TRADITIONAL leaders in Matabeleland said they were in a fix over how to handle cases of witchcraft because of the contradictions between constitutional law and local culture.


The Constitution does not recognise witchcraft, while in the local culture people acknowledge the practice.

Chief Gampu of Tsholotsho told Southern Eye that there has been an upsurge in witchcraft-related disputes that are brought to the courts and traditional leaders did not know how to deal with them and in most cases ended up falling foul of the constitutional law, being called to play a role using traditional means to resolve the cases and unite the community.

“There is a problem that we as traditional leaders face in dealing with witchcraft disputes. This is because of the Witchcraft Suppression Act, a colonial law which is still in force today. In our culture as Africans, everyone knows that there is witchcraft. But when you label someone as such, you end up being arrested and you cannot get away with such claims,” Chief Gampu said.

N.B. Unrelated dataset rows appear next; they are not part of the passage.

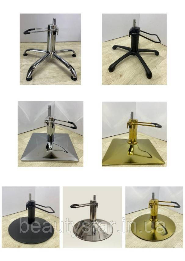 Індивідуальний вибір бази-основи крісла: Ми пропонуємо кілька варіантів бази на вибір: хрестовина, диск або квадрат. Колір бази також можна підібрати відповідно до ваших побажань: золото, чорний або хромований.
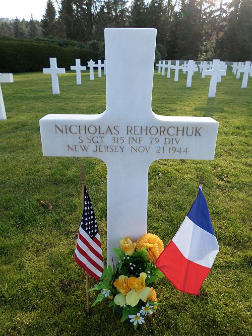 S/Sgt Nicholas Rehorchuk attended high school for one year and was employed at the Paterson Window Cleaning Company before he enlisted in Newark, New Jersey on 23 November 1942.He was killed by artillery shell fragments in his stomach.
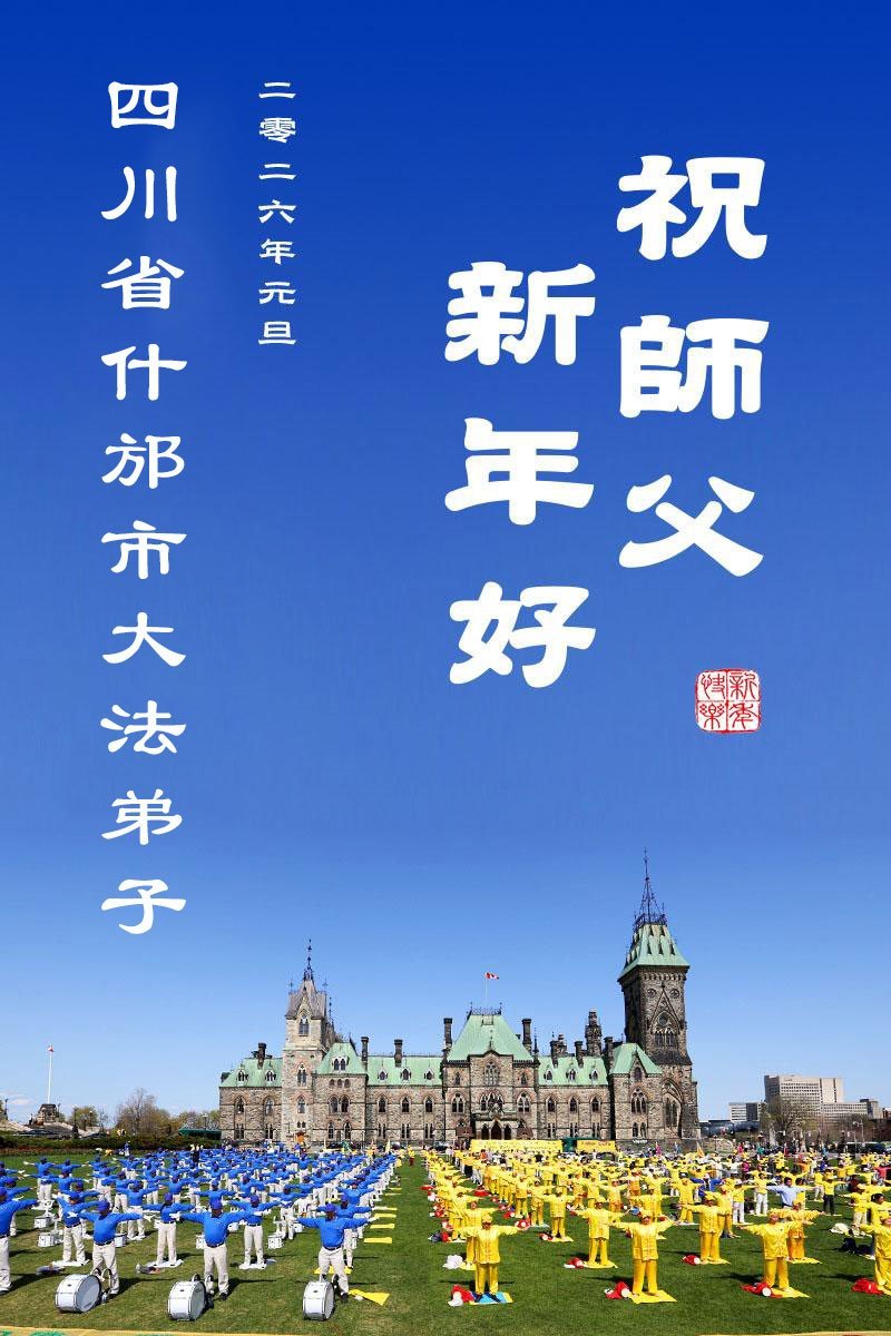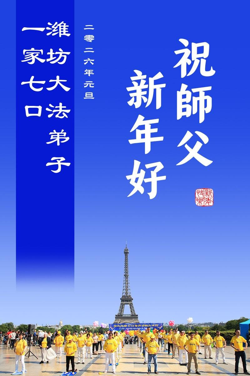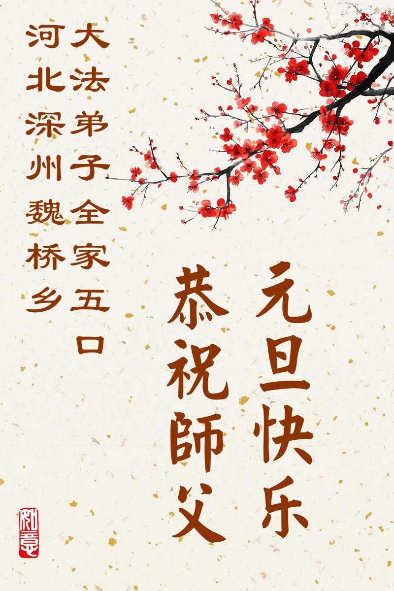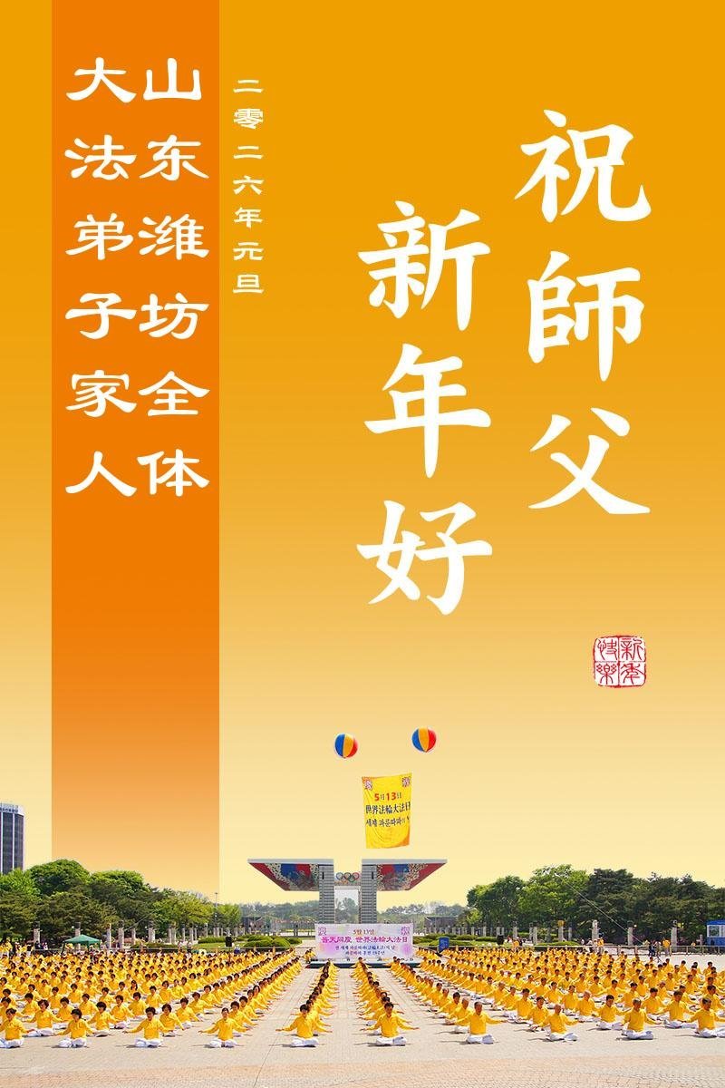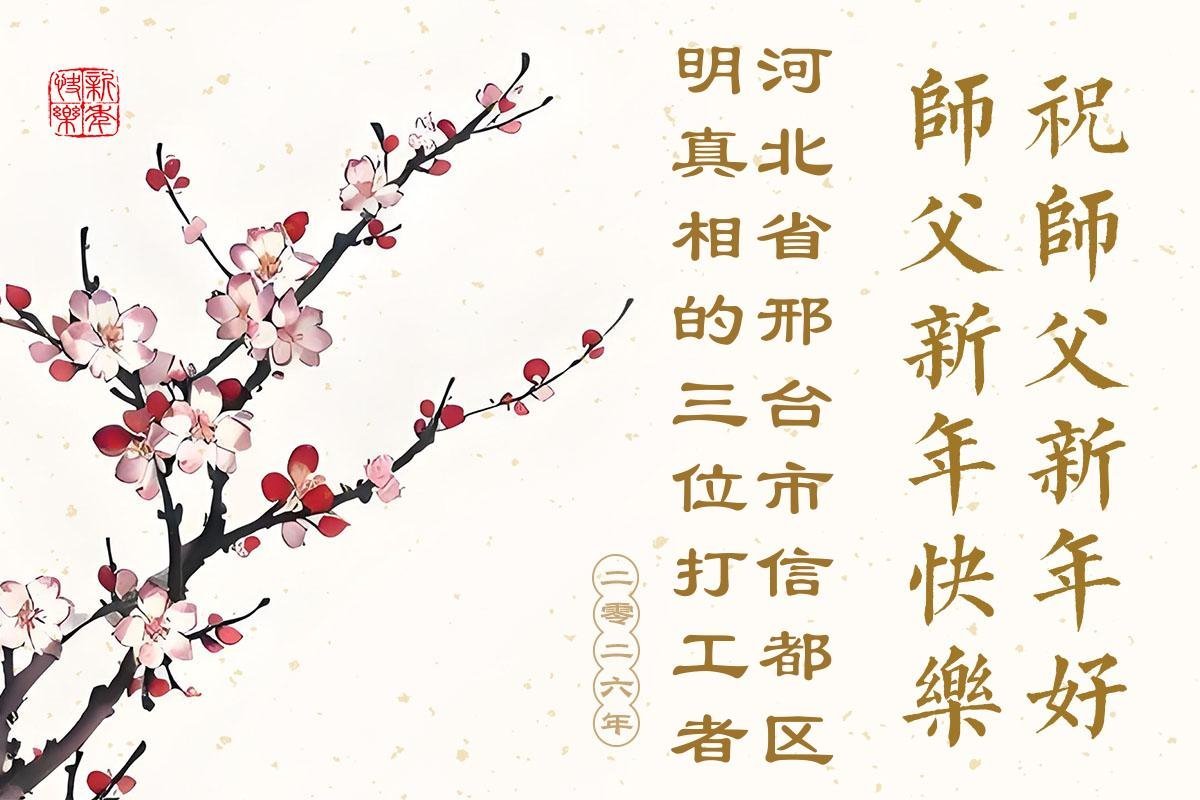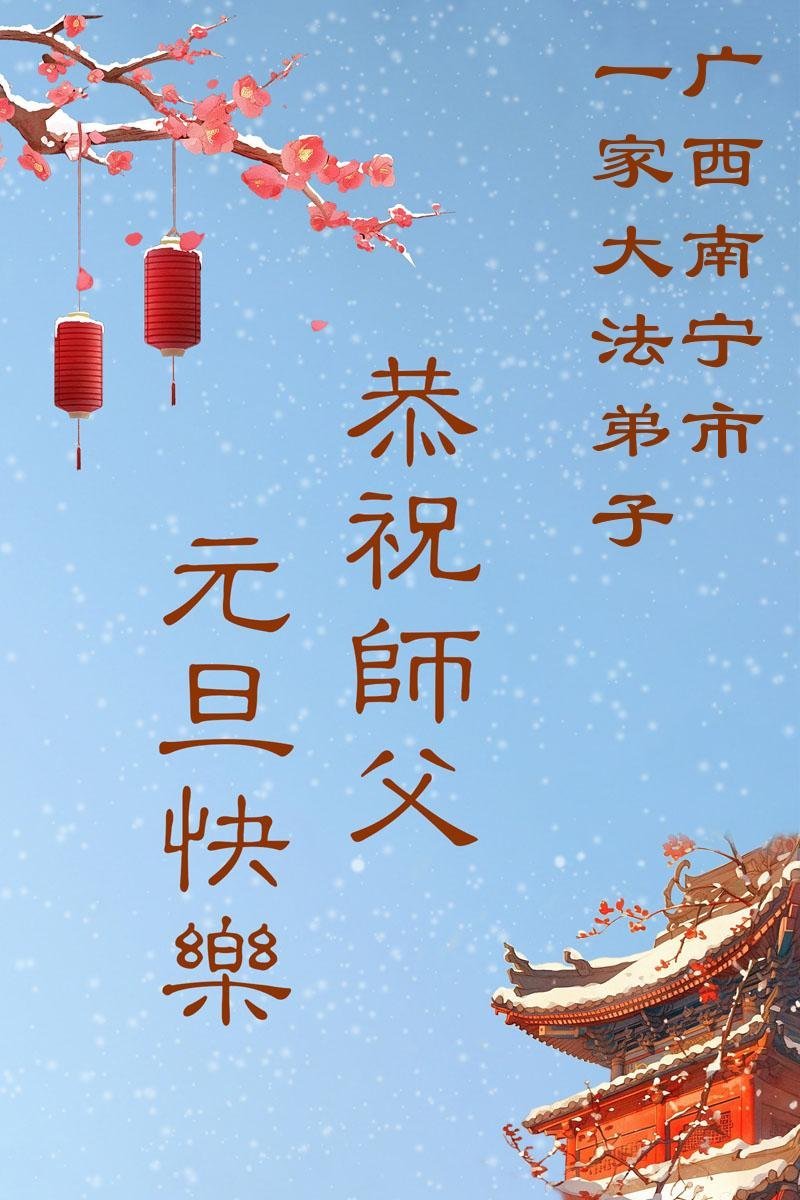 以下是部份来自中国各省、市、地区的学法炼功小组、讲真相小组、资料点大法弟子们敬致师尊的新年贺词贺卡:

“But we, as chiefs, deal with these things all the time and if someone is said to be a witch, we can allow or direct the parties concerned to go to traditional healers, and these days there are those who are called tsikamutandas (witch hunters), for confirmation. The law does not allow such and I also do not support witch hunters.”

He said traditional leaders were under extreme pressure as they were expected to deal with cases of sorcery, especially when their subjects clash over witchcraft-related matters.

He appealed to government to find a way around the problem and cited cases in which villagers ended up poisoning each other over witchcraft allegations.

Government can no longer continue to ignore the reality of witchcraft because it was in existence, and chiefs wanted guidance from government on how to deal with the issue, he added.